Appendix: Why do we reset the stack pointer?
In the previous section, you might have wondered why we need to switch to the kernel stack by tweaking sscratch
.
This is because we must not trust the stack pointer at the time of exception. In the exception handler, we need to consider the following three patterns:
- An exception occurred in kernel mode.
- An exception occurred in kernel mode, when handling another exception (nested exception).
- An exception occurred in user mode.
In case (1), there's generally no problem even if we don't reset the stack pointer. In case (2), we would overwrite the saved area, but our implementation triggers a kernel panic on nested exceptions, so it's OK.
The problem is with case (3). In this case, sp
points to the "user (application) stack area". If we implement it to use (trust) sp
as is, it could lead to a vulnerability that crashes the kernel.
Let's experiment with this by running the following application after completing all the implementations up to Chapter 17 in this book:
// An example of applications
#include "user.h"
void main(void) {
__asm__ __volatile__(
"li sp, 0xdeadbeef\n" // Set an invalid address to sp
"unimp" // Trigger an exception
);
}
If we run this without applying the modifications from this chapter (i.e. restoring the kernel stack from sscratch
), the kernel hangs without displaying anything, and you'll see the following output in QEMU's log:
epc:0x0100004e, tval:0x00000000, desc=illegal_instruction <- unimp triggers the trap handler
epc:0x802009dc, tval:0xdeadbe73, desc=store_page_fault <- an aborted write to the stack (0xdeadbeef)
epc:0x802009dc, tval:0xdeadbdf7, desc=store_page_fault <- an aborted write to the stack (0xdeadbeef) (2)
epc:0x802009dc, tval:0xdeadbd7b, desc=store_page_fault <- an aborted write to the stack (0xdeadbeef) (3)
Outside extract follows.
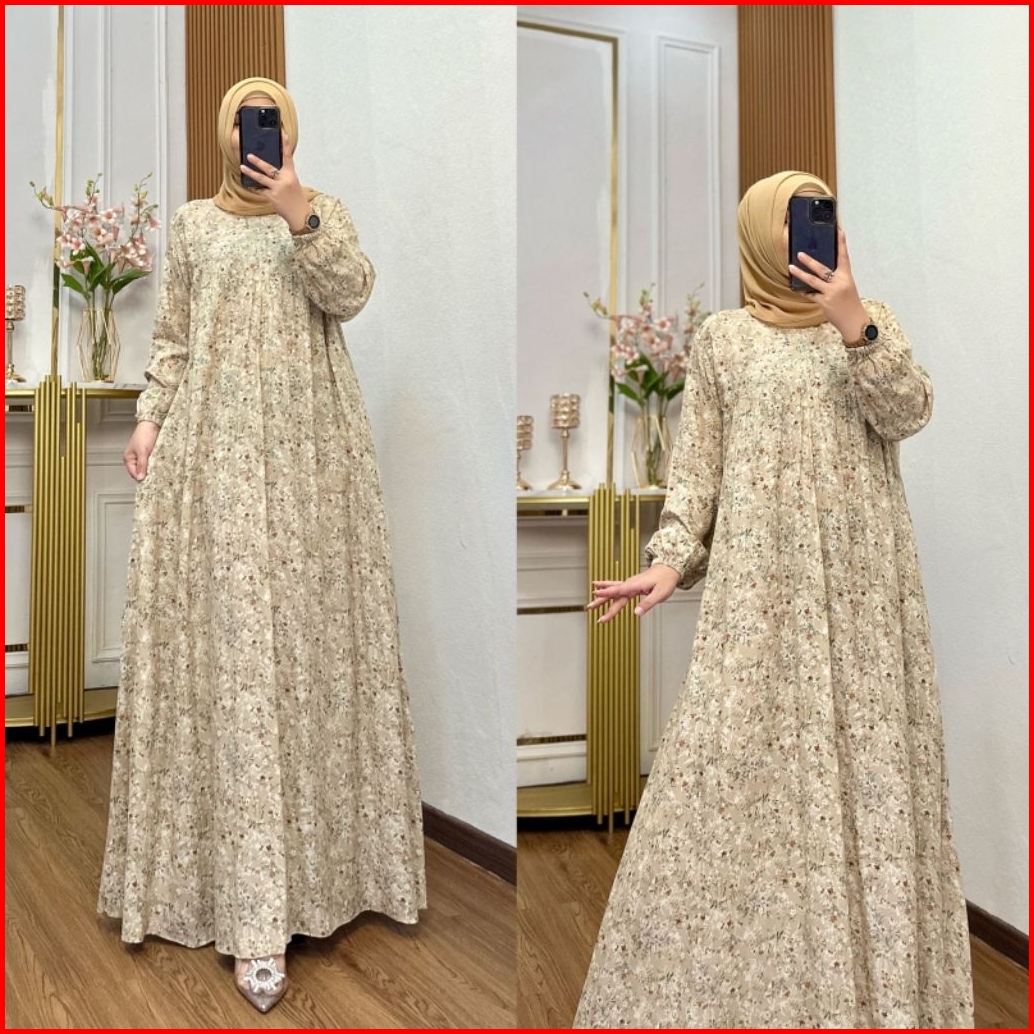 Gamis Terbaru Bahan Katun Rayon Diamond Premium Motif Bunga Dresss Dewasa Katun Premium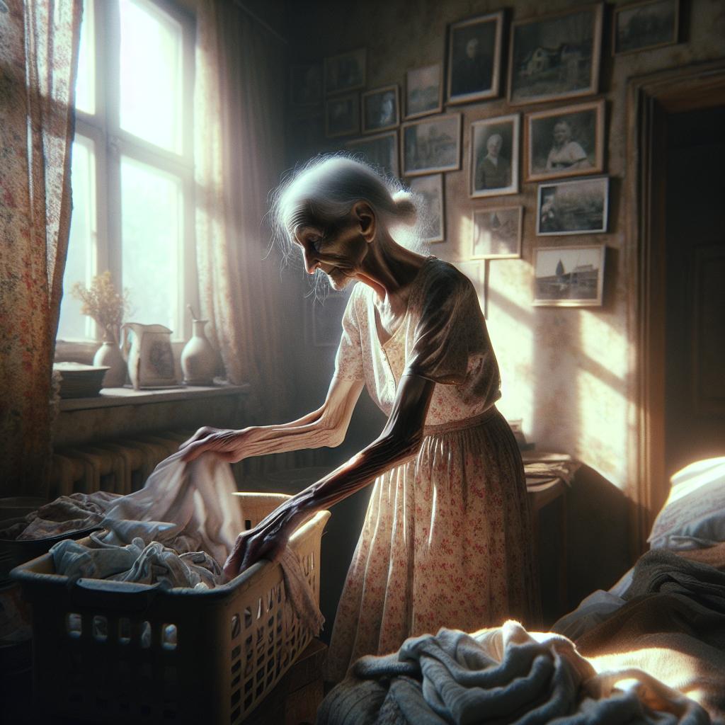 Так думает старуха, разбирая сундук, кидая вещи в три разные кучи.

epc:0x802009dc, tval:0xdeadbcff, desc=store_page_fault <- an aborted write to the stack (0xdeadbeef) (4)
...
First, an invalid instruction exception occurs with the unimp
pseudo-instruction, transitioning to the kernel's trap handler. However, because the stack pointer points to an unmapped address (0xdeadbeef
), an exception occurs when trying to save registers, jumping back to the beginning of the trap handler. This becomes an infinite loop, causing the kernel to hang. To prevent this, we need to retrieve a trusted stack area from sscratch
.
Another solution is to have multiple exception handlers. In the RISC-V version of xv6 (a famous educational UNIX-like OS), there are separate exception handlers for cases (1) and (2) (kernelvec
) and for case (3) (uservec
). In the former case, it inherits the stack pointer at the time of the exception, and in the latter case, it retrieves a separate kernel stack. The trap handler is switched when entering and exiting the kernel.
TIP
In Fuchsia, an OS developed by Google, there was a case where an API allowing arbitrary program counter values to be set from the user became a vulnerability. Not trusting input from users (applications) is an extremely important habit in kernel development.
Next Steps
We have now achieved the ability to run multiple processes concurrently, realizing a multi-tasking OS.
However, as it stands, processes can freely read and write to the kernel's memory space. It's super insecure! In the coming chapters, we'll look at how to safely run applications, in other words, how to isolate the kernel and applications.